On the Democratic side, Lt. Gov. John Fetterman is seen as the front-runner for his party’s nomination, though he’s still facing a staunch challenge from Rep. Conor Lamb, who has argued that Fetterman is too progressive to win statewide in a year that’s already proving challenging for Democrats.
Fetterman has also found himself playing defense in recent days over a 2013 incident in which he confronted a man while carrying a shotgun and detained him after hearing what he believed was gunfire. Fetterman was serving as the mayor of Braddock, Pa., at the time.
Both Lamb and another candidate, state Rep. Malcolm Kenyatta, have hammered Fetterman over the incident, including during a televised debate last week.
Fetterman has a sizable lead in the primary, according to polls. A survey from Franklin & Marshall College earlier this month showed the lieutenant governor leading Lamb 41 percent to 17 percent. Kenyatta notched only 4 percent support in that poll.
Georgia GOP gubernatorial primary (May 24)

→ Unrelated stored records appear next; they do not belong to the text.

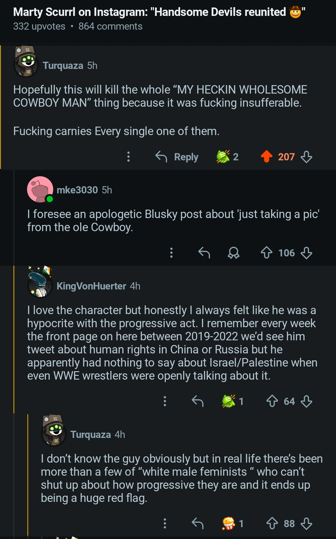 >redditors actually caring about this>e-drones desperately trying to cancel himmodern wrestling fans are so gay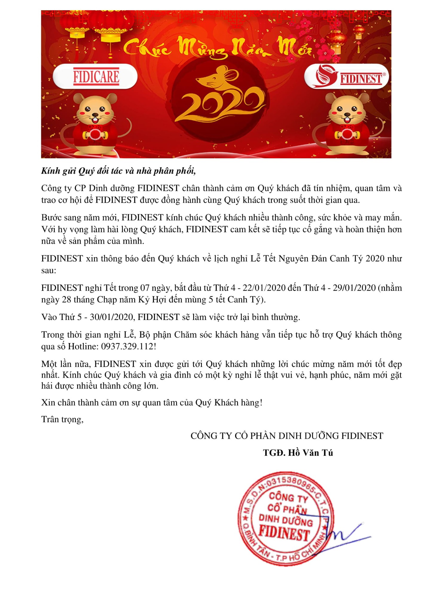 Thông báo nghỉ Tết Nguyên Đán 2020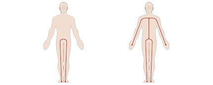 A sinistra: Misurazione con elettrodi del piede, a destra: misurazione con elettrodi del piede e della mano.Misurazione con due elettrodi da piede a piede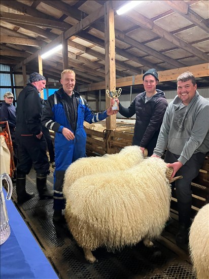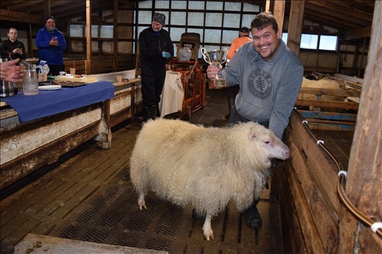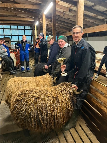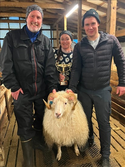 hér er Emil að taka á móti bikarnum fyrir besta kollótta hrútinn 2025.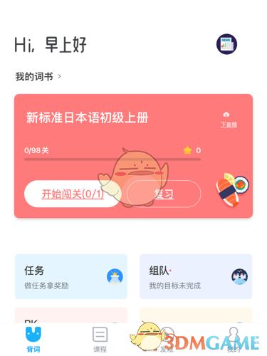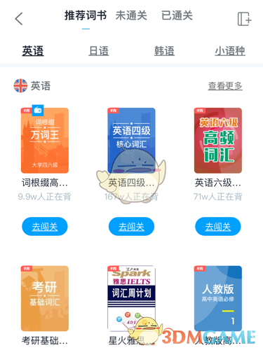 3、若需要調(diào)整每日關(guān)卡單詞數(shù)量,可以點(diǎn)擊背詞界面的“我的詞書(shū)”按鈕,查看已添加的詞書(shū)。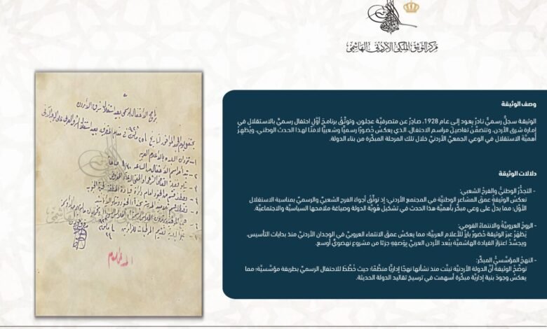 في مناسبة الذكرى 79 لاستقلال المملكة الأردنية الهاشمية، عرض مركز التوثيق الملكي الأردني الهاشمي وثيقة تاريخية نادرة تعود إلى عام 1928، تكشف لأول مرة عن تفاصيل أول احتفال رسمي بالاستقلال في إمارة شرق الأردن، الذي نظمته متصرفية عجلون آنذاك.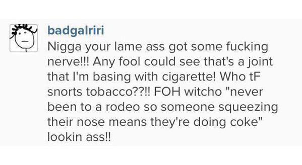 So basically Riri is saying “I WOULD NEVER DO COKE I JUST SMOKE WEED AND CARTONS OF CIGARETTES AND IN THIS INSTANCE I WAS MIXING MY WEED AND CIGS TOGETHER”.. Slay?

Georgia Gov. Brian Kemp (R) made an enemy of Trump in the wake of the 2020 presidential election after he rebuffed the former president’s efforts to reverse his loss in Georgia.
Now, Kemp is facing a Trump-backed primary challenge from former Sen. David Perdue, who’s leaning on his ties to the former president to win over the state’s most conservative voters.

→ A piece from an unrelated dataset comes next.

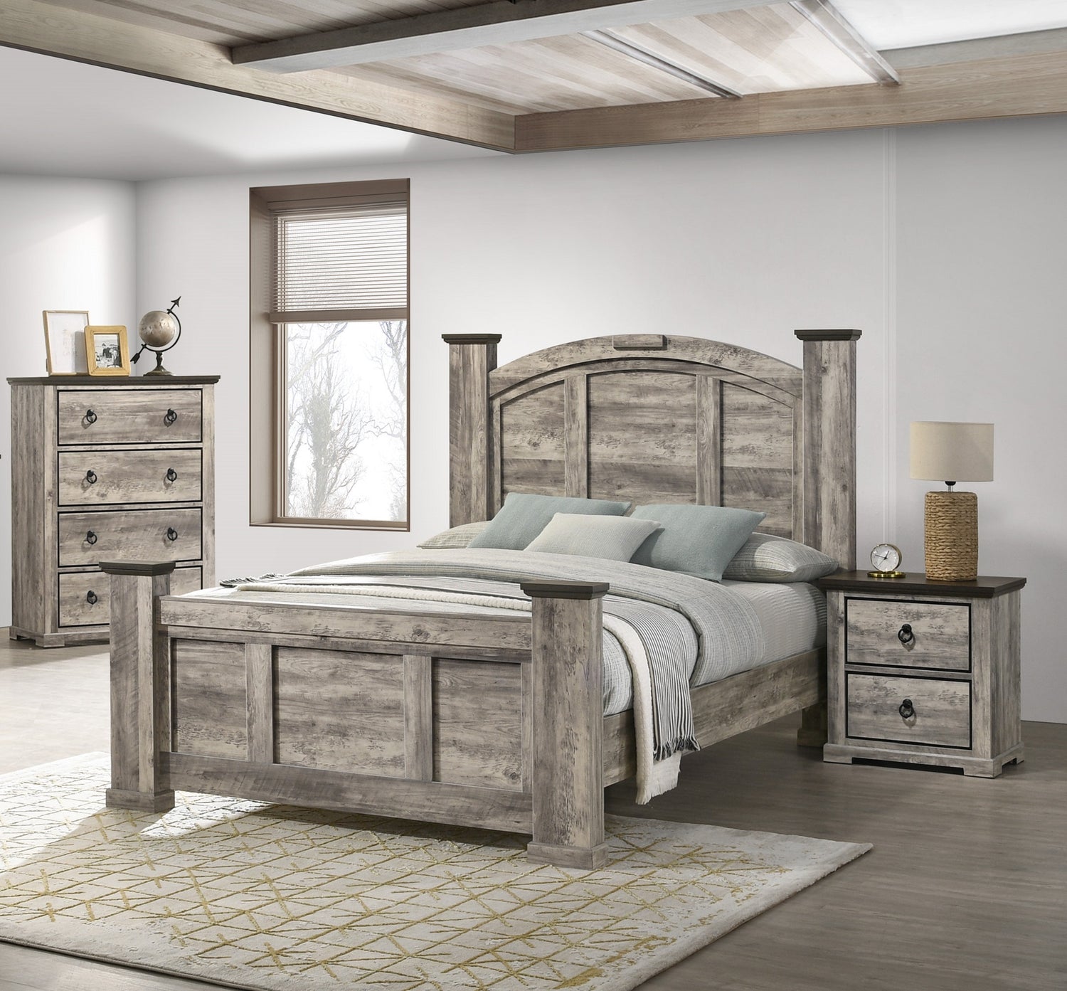 Contemporary 1pc King Size Poster Bed Gray Finish Wooden Bedroom Furniture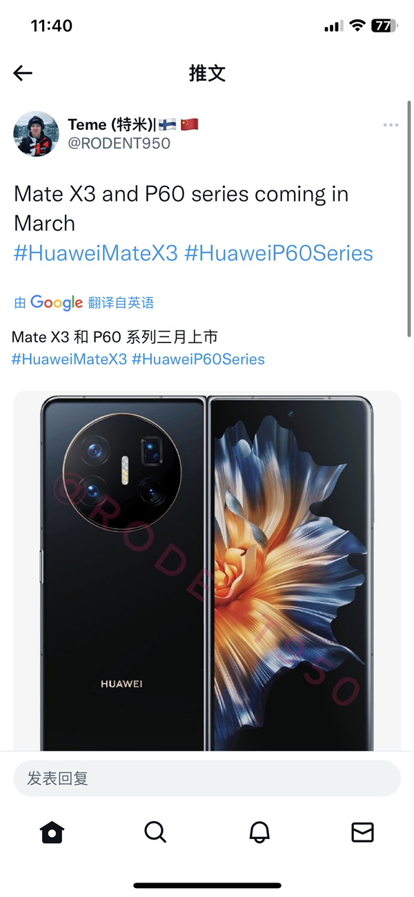 3月见!曝华为P60、Mate X3将同台发布:价格有惊喜

Despite having the support of Trump, however, Perdue has yet to pull ahead in the primary. A new poll from The Atlanta Journal-Constitution released on Tuesday shows Kemp with a staggering 26-point lead over Perdue, scoring 53 percent support among likely primary voters.

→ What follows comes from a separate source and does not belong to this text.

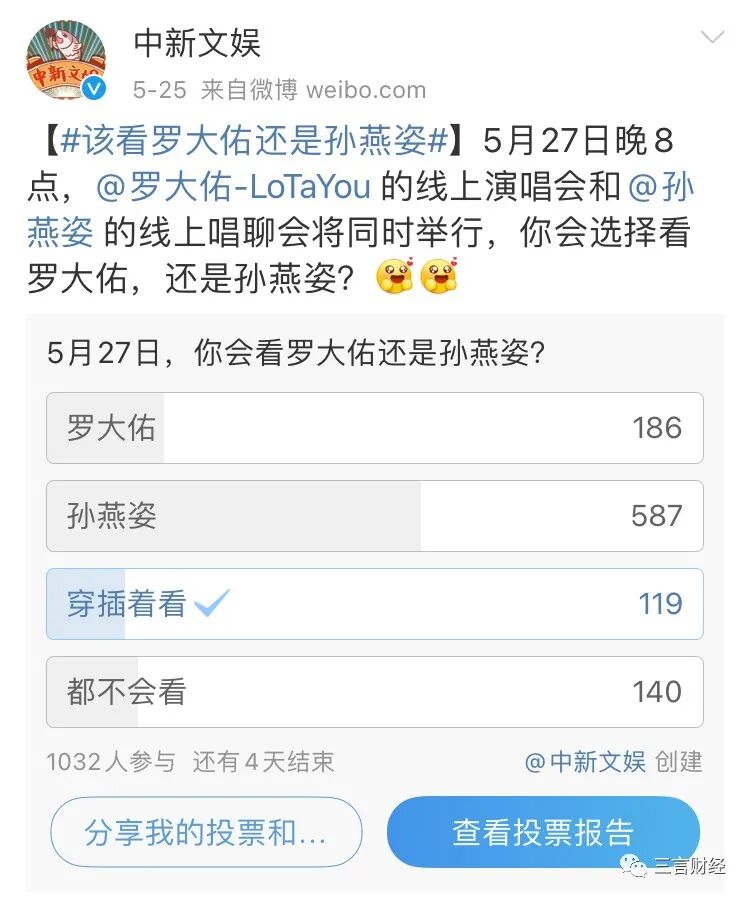 中新文娱还发起了一项投票:5月27日,你会看罗大佑还是孙燕姿?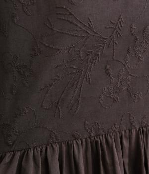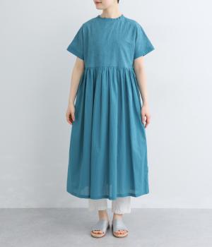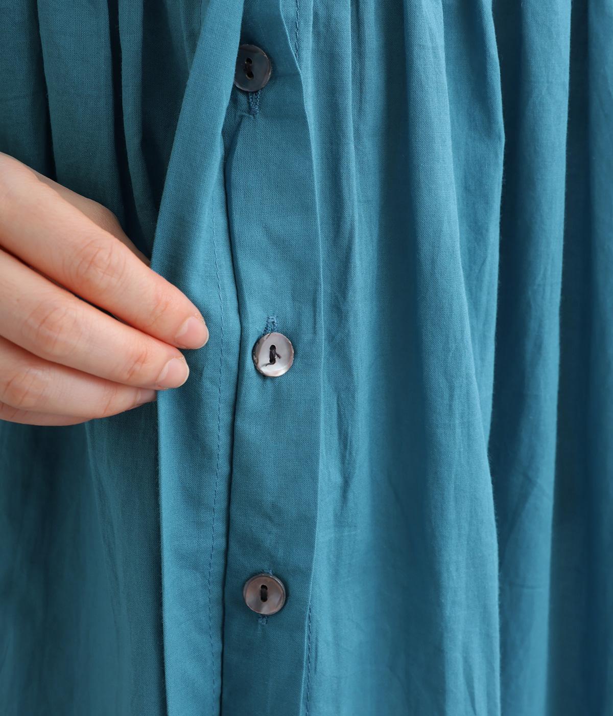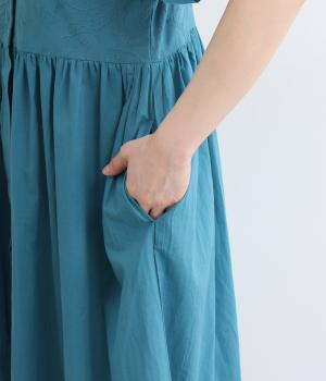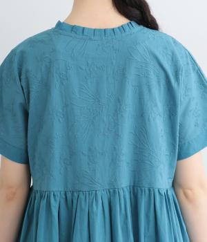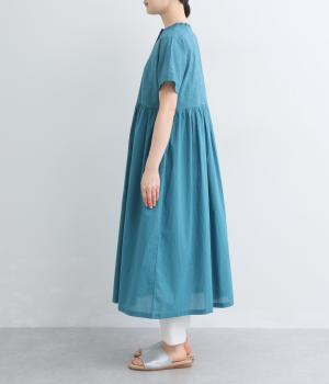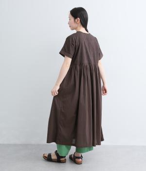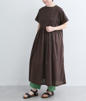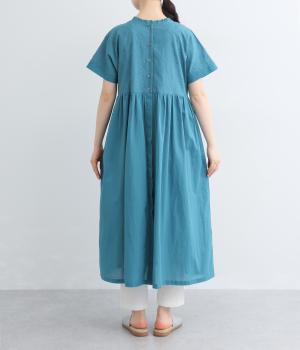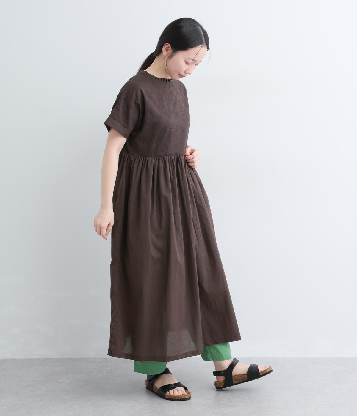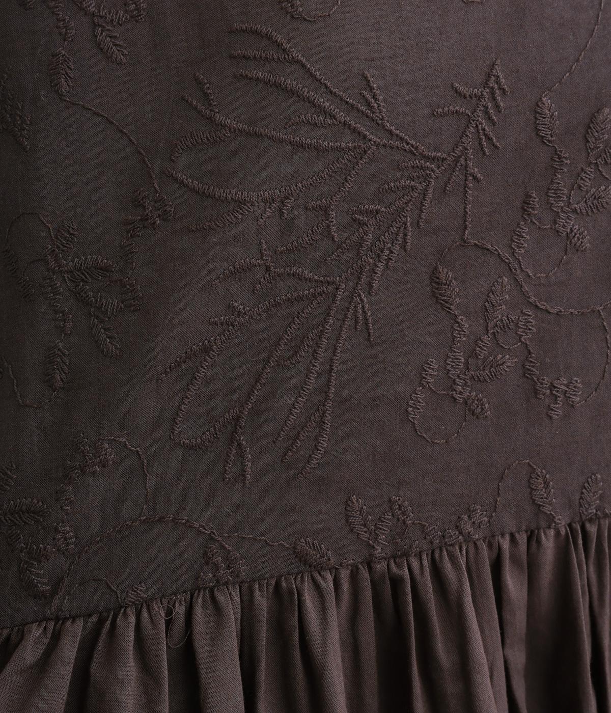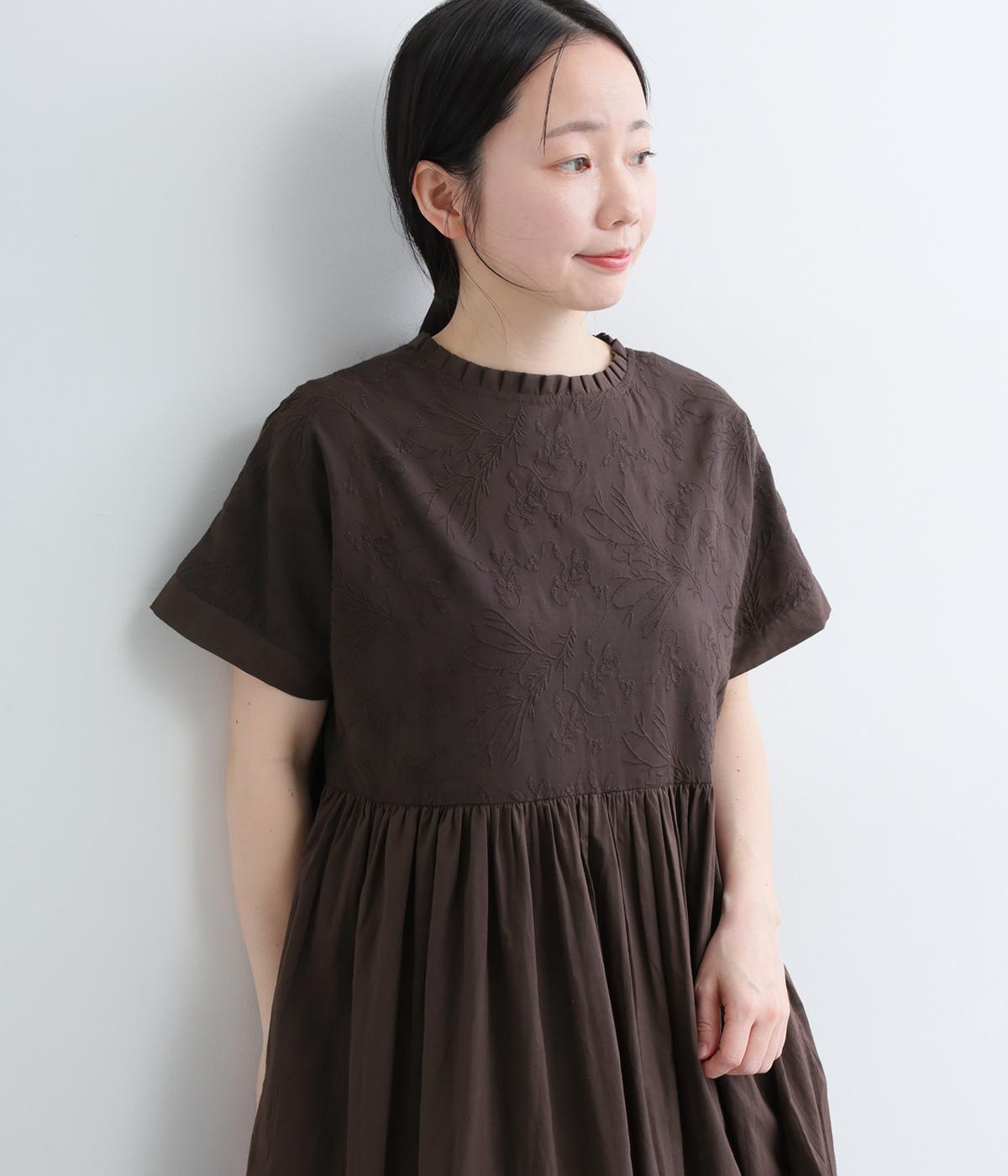前後2wayで着用でき、羽織りとしても活躍するワンピースです。落ち着いた色合いが繊細な刺しゅうを引き立て、大人のワードローブになじみます。手仕事の造形美をまとう、凛としてさわやかな佇まいの一枚です。

If that support translates to votes in the May 24 primary election, it would mean that Kemp would clinch the nomination for a second term without having to face a runoff.
A primary loss for Perdue, who jumped into the race in December at Trump’s urging, would likely be seen as a major blow to Trump’s endorsing power.
Democrat Stacey Abrams, meanwhile, isn’t facing any primary opposition.
Alabama GOP Senate primary (May 24)
Rep. Mo Brooks (R-Ala.) was seen as the early favorite to succeed the retiring Sen. Richard Shelby (R) after scoring an early endorsement from Trump last year. But that endorsement never translated to real political support, prompting Trump to withdraw his support from Brooks last month.
The primary now appears to be a head-to-head match-up between former Army pilot Mike Durant and Katie Britt, a former aide to Shelby. Trump hasn’t endorsed a new candidate in the race, but recent polling shows Durant with an advantage.
A survey from The Hill and Nexstar conducted last month after Trump rescinded his endorsement of Brooks showed Durant leading the pack with 33 percent support, while Britt trailed in second place with 23 percent support. Brooks notched only 12 percent in that poll.
Still, that poll found that 52 percent of primary voters said Trump’s backing would make them more likely to support a candidate.
Given Alabama’s deep-red politics, the eventual winner of the primary will be seen as the heavy favorite to win Shelby’s seat in November.
Texas GOP attorney general runoff (May 24)
Texas Attorney General Ken Paxton and state Land Commissioner George P. Bush bested two other Republican candidates in the state’s March 1 primary. But neither managed to break the 50 percent threshold needed to win the GOP nomination outright, pitting them against one another once again in a May 24 runoff.
Paxton is seen as the favorite in the runoff, having won roughly 20 percent more of the vote than Bush did in the March 1 primary. He also has the endorsement of Trump.
Still, Paxton faces some challenges. Bush has attacked him relentlessly for months over a years-old securities fraud indictment, as well as a more recent FBI investigation into abuse-of-office allegations.
Bush faces an uphill battle for the nomination in the runoff. Nevertheless, he and other opponents of Paxton have warned that the incumbent attorney general’s legal issues could jeopardize the office for Republicans come November.